──────── Dataset content
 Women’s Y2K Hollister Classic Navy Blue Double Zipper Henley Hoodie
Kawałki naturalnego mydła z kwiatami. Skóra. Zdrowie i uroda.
────────────────
──────── Dataset content
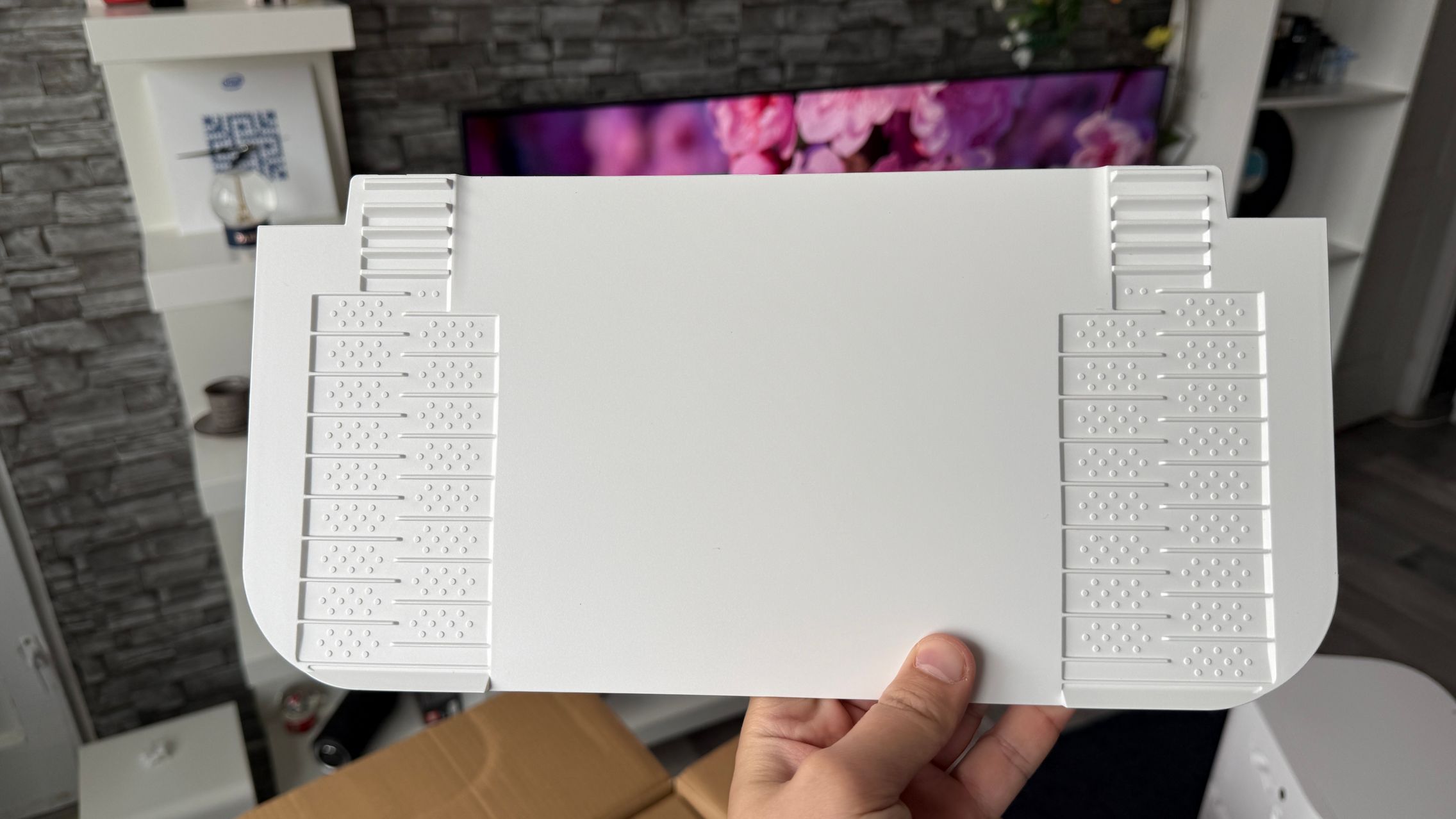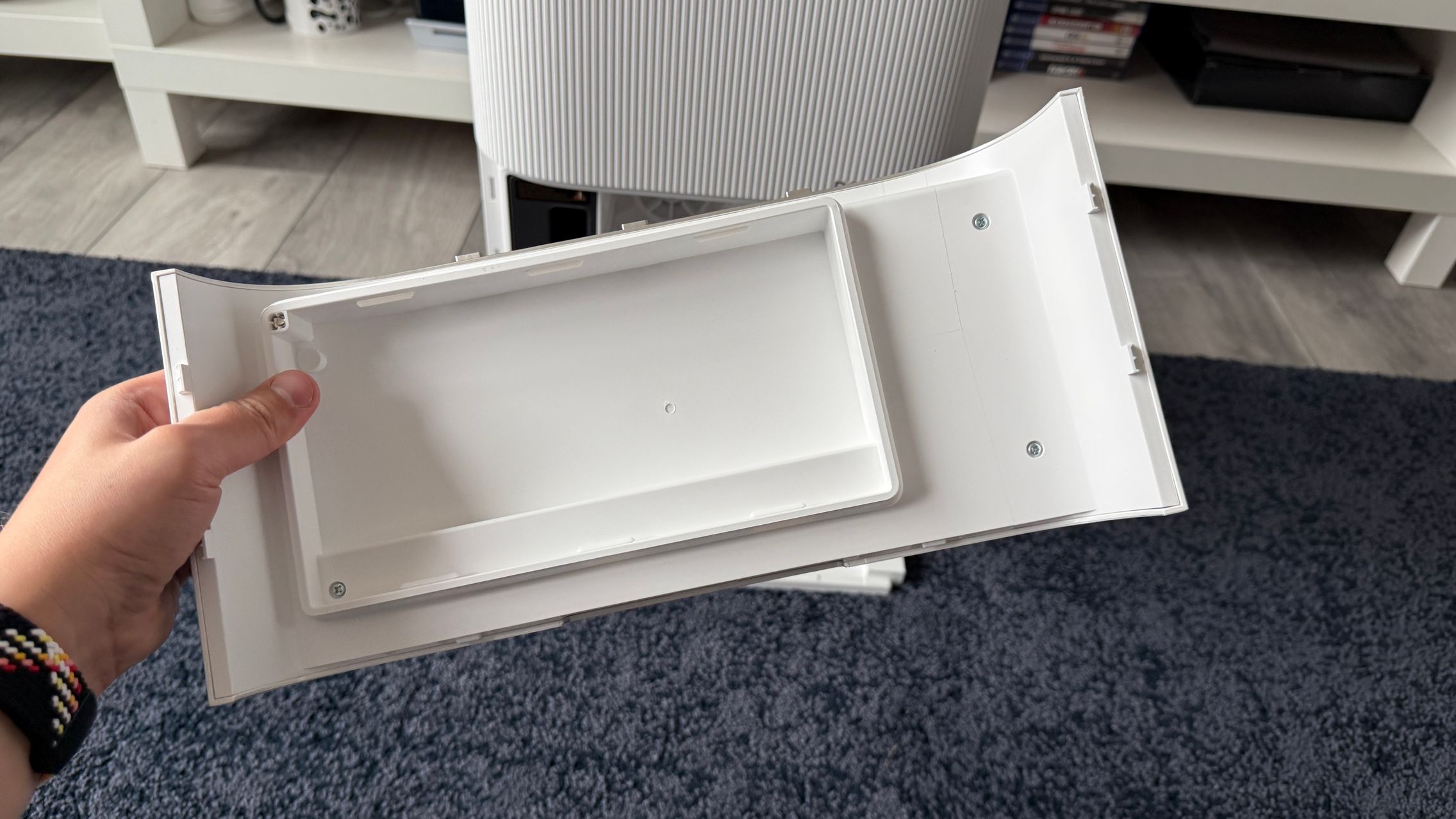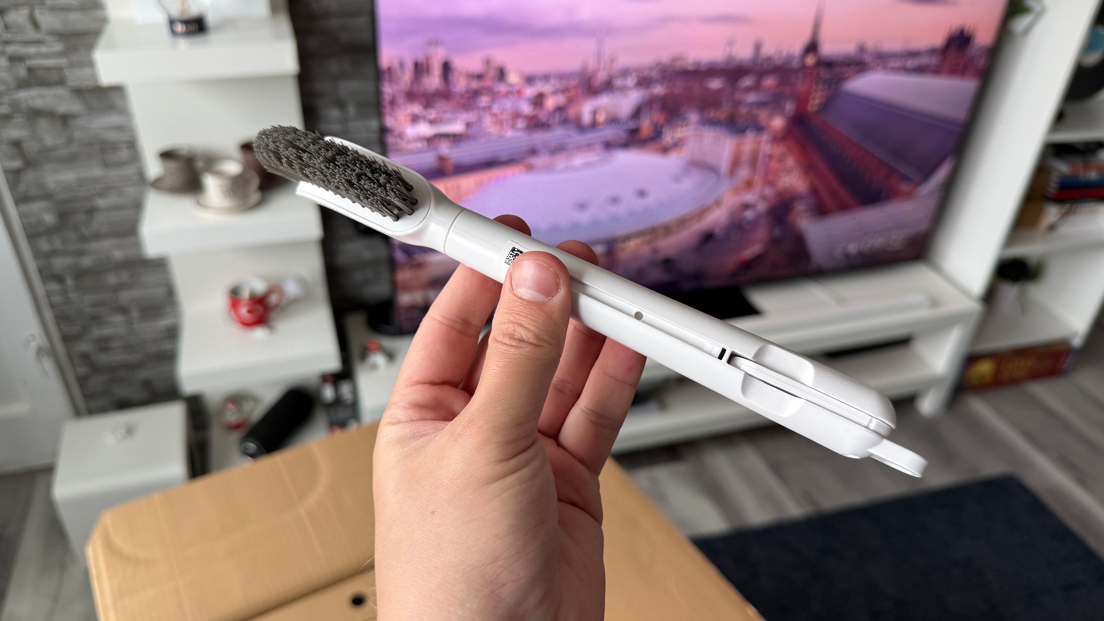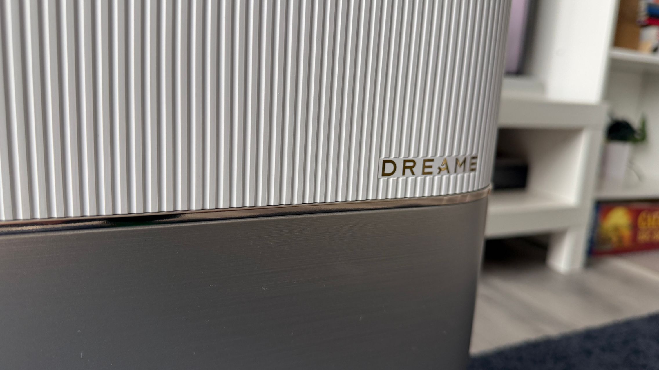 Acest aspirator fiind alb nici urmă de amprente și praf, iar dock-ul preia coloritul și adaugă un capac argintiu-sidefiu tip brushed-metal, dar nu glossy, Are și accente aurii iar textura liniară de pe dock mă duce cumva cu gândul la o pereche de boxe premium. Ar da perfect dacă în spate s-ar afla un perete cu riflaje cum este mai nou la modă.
────────────────
──────── Dataset content
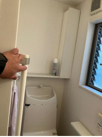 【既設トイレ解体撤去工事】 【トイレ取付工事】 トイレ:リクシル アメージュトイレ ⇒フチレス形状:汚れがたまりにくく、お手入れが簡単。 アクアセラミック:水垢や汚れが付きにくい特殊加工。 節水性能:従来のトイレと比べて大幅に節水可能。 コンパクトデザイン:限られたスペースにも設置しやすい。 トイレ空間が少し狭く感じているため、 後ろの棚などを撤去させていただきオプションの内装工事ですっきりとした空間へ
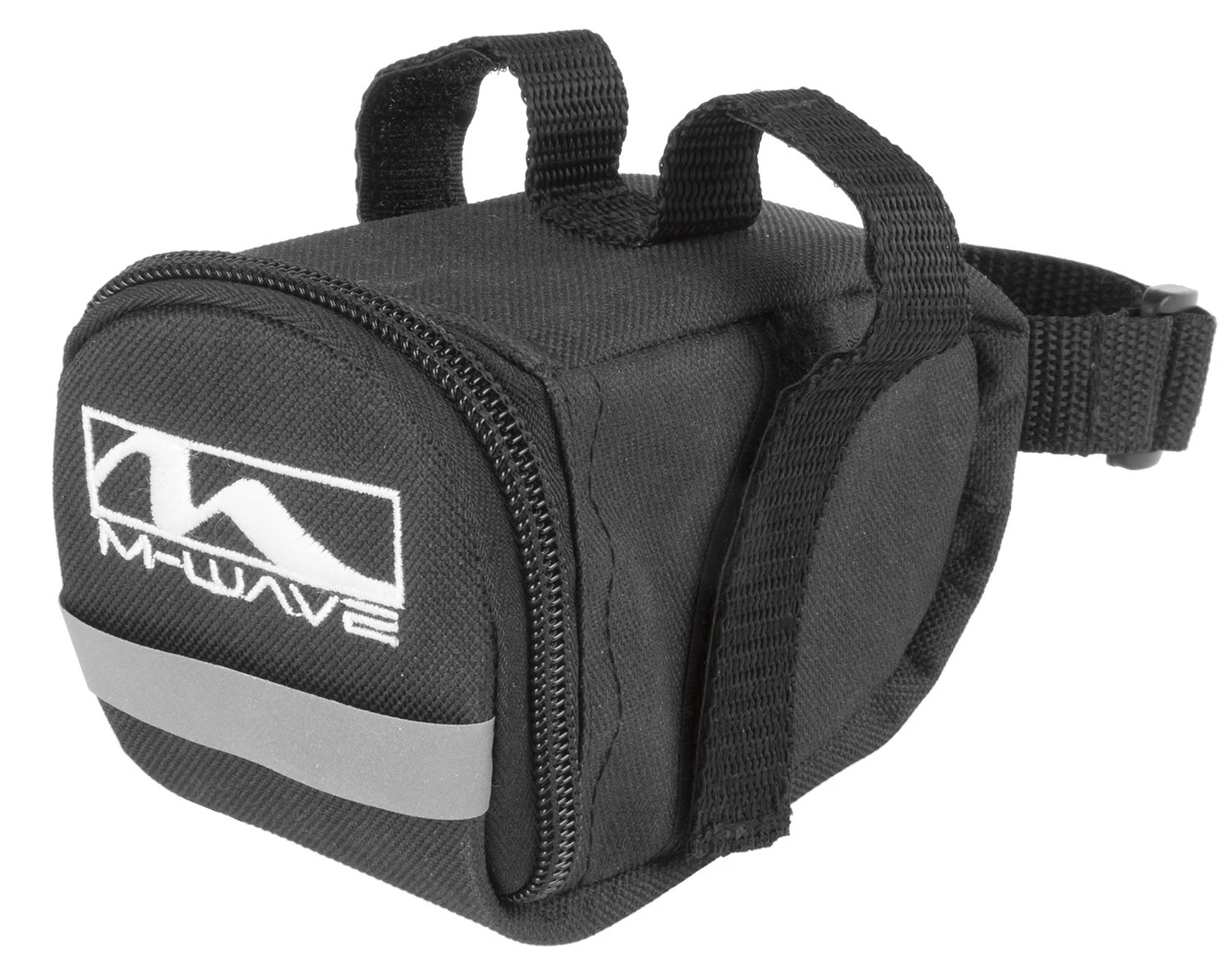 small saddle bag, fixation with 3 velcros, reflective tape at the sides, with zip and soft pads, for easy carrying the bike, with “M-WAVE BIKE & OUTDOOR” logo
────────────────
- [Work request]: Starting at the line above with "トイレ:リクシル アメージュトイレ ⇒フチレス形状:汚れがたまりにくく、お手入れが簡単。", output every line exactly up to and including the line with "small saddle bag, fixation", but none of the pictures.

- [Problem solution]:
 【既設トイレ解体撤去工事】 【トイレ取付工事】 トイレ:リクシル アメージュトイレ ⇒フチレス形状:汚れがたまりにくく、お手入れが簡単。 アクアセラミック:水垢や汚れが付きにくい特殊加工。 節水性能:従来のトイレと比べて大幅に節水可能。 コンパクトデザイン:限られたスペースにも設置しやすい。 トイレ空間が少し狭く感じているため、 後ろの棚などを撤去させていただきオプションの内装工事ですっきりとした空間へ
 small saddle bag, fixation with 3 velcros, reflective tape at the sides, with zip and soft pads, for easy carrying the bike, with “M-WAVE BIKE & OUTDOOR” logo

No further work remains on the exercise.